The inspectors determined that the licensee used various investigative

techniques during the performance of root cause analyses. Among

these were Barrier Analysis, Changes Analysis, and Events and Causal

Factor Charts. Based on review of the above ACRs/SCRs the

inspectors concluded that the root causes identified by the licensee

were generally correct. ACR No.91-286 was a typical example and

involved failure of the narrow range OTDT RTD instrumentation circuit

to meet TS requirement of 0.75 seconds time delay. This event was

also reported to the NRC on LER 91-009-01. The licensee correctly

identified the root causes documented on ACR No.91-286.

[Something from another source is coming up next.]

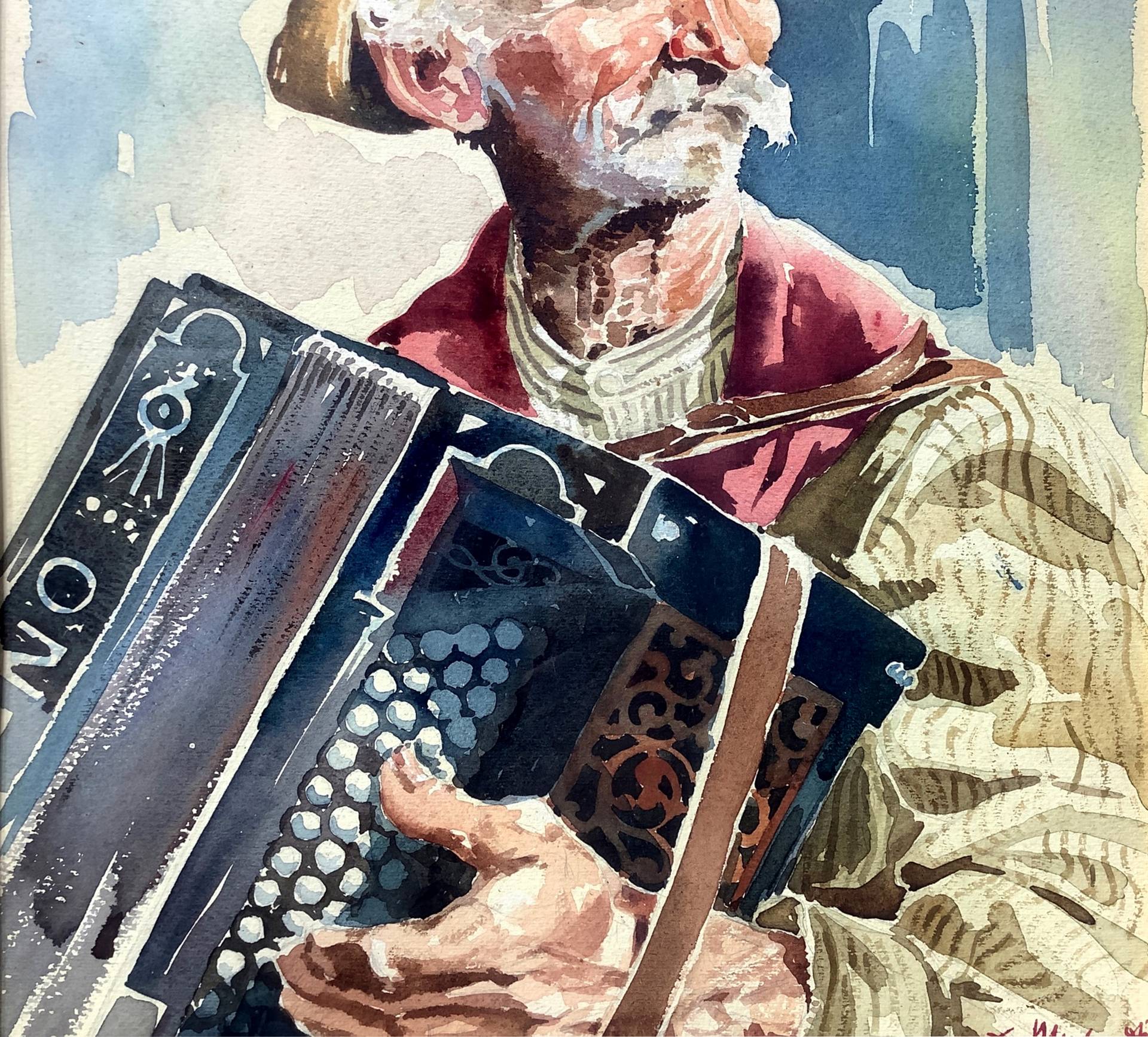 Suonatore di fisarmonica Mm 440x335in cornice cm 61x50 acquarello su carta Firmato in basso a destra e datato ‘48.

Additionally, the inspectors reviewed the close-out package and

verified that the developed corrective action plans for the three

primary causal factors specified in the LER had been completed in

accordance with the Licensee's commitments. SCR No.88-022

further demonstrated the licensee's capability to perform effective

self-assessments. This SCR involved an event wherein the reactor

vessel cavity boron concentration was inadvertently diluted to less

than 1950 ppm during a RFO with fuel off loaded. The inspectors

used the guidance of the NRC HPIP Module and determined the near

root causes to be in the functional areas of training, procedures,

supervision, and communications. The licensee's developed

corrective action plans for the seven causal factors identified in the

Event and Causal Factor Chart fell within the functional areas

identified by the NRC HPIP module.

Some inadequate root cause analyses were identified by the

inspectors. Typical of this small sample was ACR No.91-034. This

ACR involved an event related to inadequately revised calibration

procedures required per plant modification M-959. Licensee

management determined the root cause to be indeterminate. The

inspectors, however, identified the near root causes as inadequate

design control. Specifically, the postmodification/calibration test

requirements and test acceptance criteria were not adequately

specified in the plant modification package. The immediate corrective

action of revising the loop calibration procedures to be technically

adequate was necessary but not sufficient to prevent recurrence of a

similar problem. Discussions with the senior resident inspector

revealed that the licensee's response to an NOV involving a civil

penalty more adequately addressed the required corrective actions for

the deficiency documented on ACR 91-034.

The inspectors also selected ACR No.92-186 for review of problem

assessment activities. The ACR was written to identify a tripping

condition which occurred while the A Emergency Diesel Generator

(EDG) was undergoing an over-speed trip test. A similar condition had

occurred on a B EDG while it was undergoing post maintenance

overspeed trip testing. In each instance, the same condition, fuel rack

unlatched, was found. The A EDG was operational at the time the

trip occurred, while the B EDG was still in post maintenance test

status.

As a result of the EDG A trip, an investigation team was organized to

determine the cause of the fuel rack unlatched condition. The team

consisted of knowledgeable engineering personnel, an operations

person and a maintenance supervisor and craftsman. Additional

personnel provided special assistance when needed.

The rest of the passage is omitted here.